Die Lagerbohrungen 7 befinden sich in Zwischenwänden 9 des Gehäuses 1.
[0011] An den Zwischenwänden 9 sind Haltetaschen 10 angeformt, in die Anlaufscheiben 11
der Antriebslaufräder 5 eingreifen. Dadurch ist es möglich, daß die Antriebslaufräder
ohne zusätzliche Halteeinrichtung auf die Enden 12 der Achsen 6 aufgesetzt sind.
[0012] Das Gehäuse 1 ist im Bereich 13 der Antriebslaufräder 5 frei gespart. Die Antriebslaufräder
5 sind nur einseitig mit einer Lagernabe 14 versehen. Der nach Außen weisende Teil
ist glattflächig mit einer Schutzkappe 15 verschlossen. Diese Schutzkappe 15 dient
gleichzeitig als Halterung für den Laufradgummi 16.
1. Kehrgerät, das im Wesentlichen aus einem Gehäuse (1 in dem Achsen (6) für Antriebslaufräder
(5) zum Antrieb einer Walzenbürste (4) in geschlitzten Lagerbohrungen (7, 8) mit jeweils
einem Einführschlitz gelagert sind, zumindest einem Schmutzsammelbehälter und einem
Führungsstiel (3) besteht, dadurch gekennzeichnet, daß die Antriebslaufräder (5) mit
jeweils einer Anlaufscheibe (11) und das Gehäuse (1) mit zwei Zwischenwänden und/oder
Haltetaschen (10), hinter die die Anlaufscheiben (11) zur Halterung der Antriebslaufräder
greifen, versehen sind.
2. Kehrgerät nach Anspruch 1, dadurch gekennzeichnet, daß das Gehäuse (1) im Bereich
der Antriebslaufräder (5) frei gespart ist und diese nach außen glattflächig verschlossen
sind.
3. Kehrgerät nach Anspruch 1 oder 2, dadurch gekennzeichnet, daß der Einführschlitz
(8) etwa senkrecht angeordnet ist und in die etwa waagrecht liegende, langlochartig
ausgeführte Lagerbohrung (7) übergeht.
1. Sweeper which essentially consists of a housing (1), in which axles (6) for drive
travel wheels (5) for the drive of a revolving brush (4) are mounted in slotted bearing
bores (7, 8) having in each case an insertion slot, at least one dirt- collecting
-container and a guide handle (3), characterized in that the drive travel wheels (5)

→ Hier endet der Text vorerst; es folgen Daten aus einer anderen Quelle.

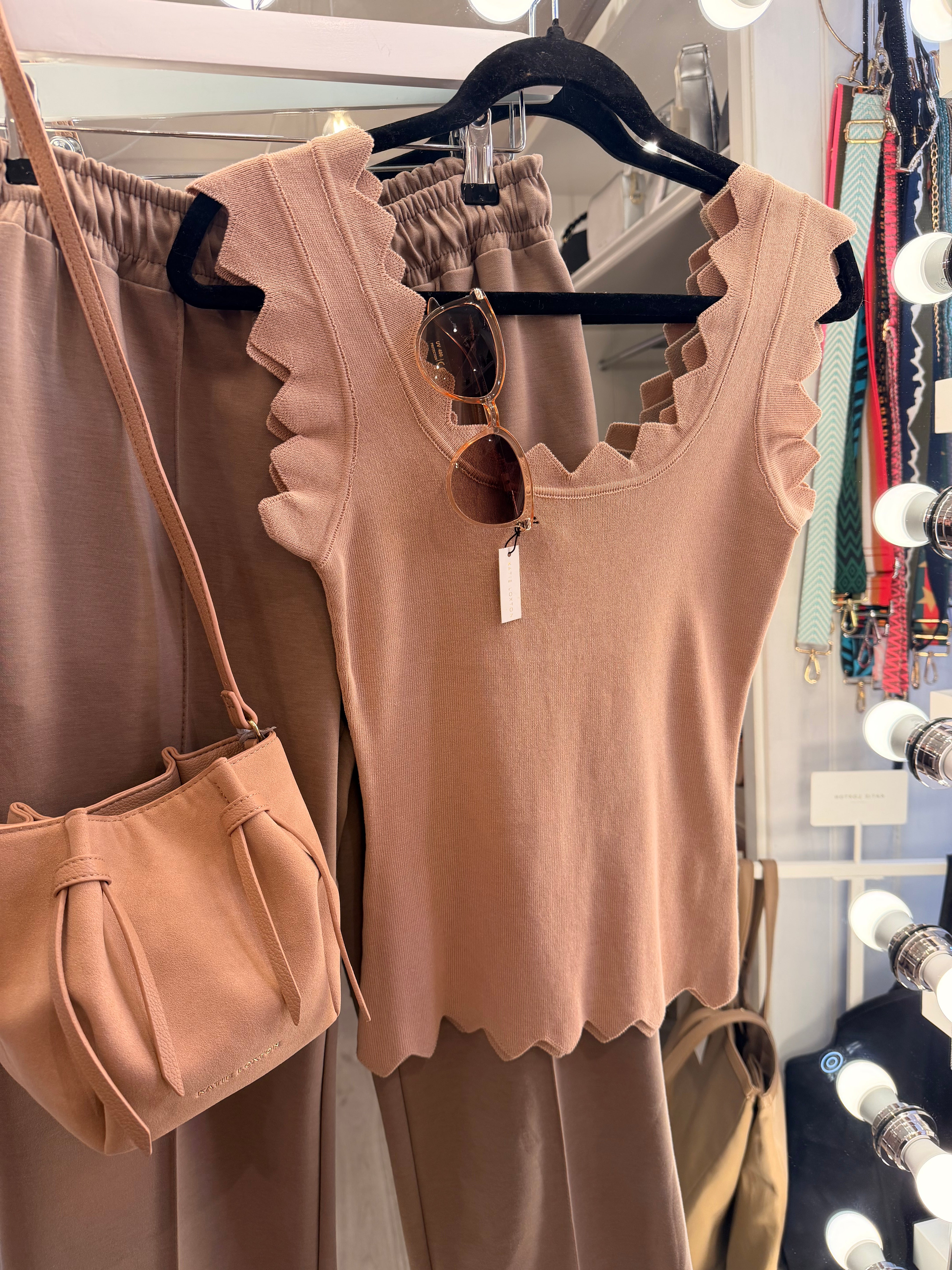 Mocha fine knit scallop top

are provided in each case with a check disc (11), and the housing (1) is provided
with two intermediate walls and/or retaining pockets (10), behind which grip the check
discs (11) for retaining the drive travel wheels.

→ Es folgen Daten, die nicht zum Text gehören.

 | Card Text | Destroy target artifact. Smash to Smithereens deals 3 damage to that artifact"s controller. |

2. Sweeper according to Claim 1, characterized in that the housing (1) is recessed
in the area of the drive travel wheels (5) and the latter are closed towards the outside
in smooth-faced manner.
3. Sweeper according to Claim 1 or 2, characterized in that the insertion slot (8)
is arranged approximately perpendicularly and merges into the approximately horizontaly
disposed bearing bore (7) made like an elongated hole.

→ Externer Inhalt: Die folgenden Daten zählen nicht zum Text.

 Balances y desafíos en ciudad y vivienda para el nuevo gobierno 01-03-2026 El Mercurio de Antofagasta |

1. Balai mécanique se composant dans les grandes lignes d'une carcasse (1) dans laquelle
les axes (6) des roues de commande porteuses (5) sont montés dans des alésages de
palier (7, 8) fendus, chacun avec une fente d'introduction, pour l'entraînement d'une
brosse cylindrique (4), d'au moins un récipient collecteur de poussières et d'un manche
de guidage (3), caractérisé en ce que les roues de commande porteuses (5) sont pourvues
chacune d'un disque d'entraînement (11) et la carcasse (1) de deux parois intermédiaires
et/ou de poches de retenue (10), derrière lesquelles les disques d'entraînement (11)
s'engagent pour la retenue des roues de commande porteuses.
2. Balai mécanique selon la revendication 1, caractérisé en ce que la carcasse (1)
est librement évidée dans la zone des roues de commande porteuses (5) et en ce que
celles-ci sont fermées vers l'extérieur à la façon d'une surface lisse.
3. Balai mécanique selon l'une quelconque des revendications 1 et 2, caractérisé en
ce que la fente d'introduction (8) est disposée au moins verticalement et se transforme
en l'alésage de palier (7) réalisé en forme de trou oblong, se situant au moins horizontalement.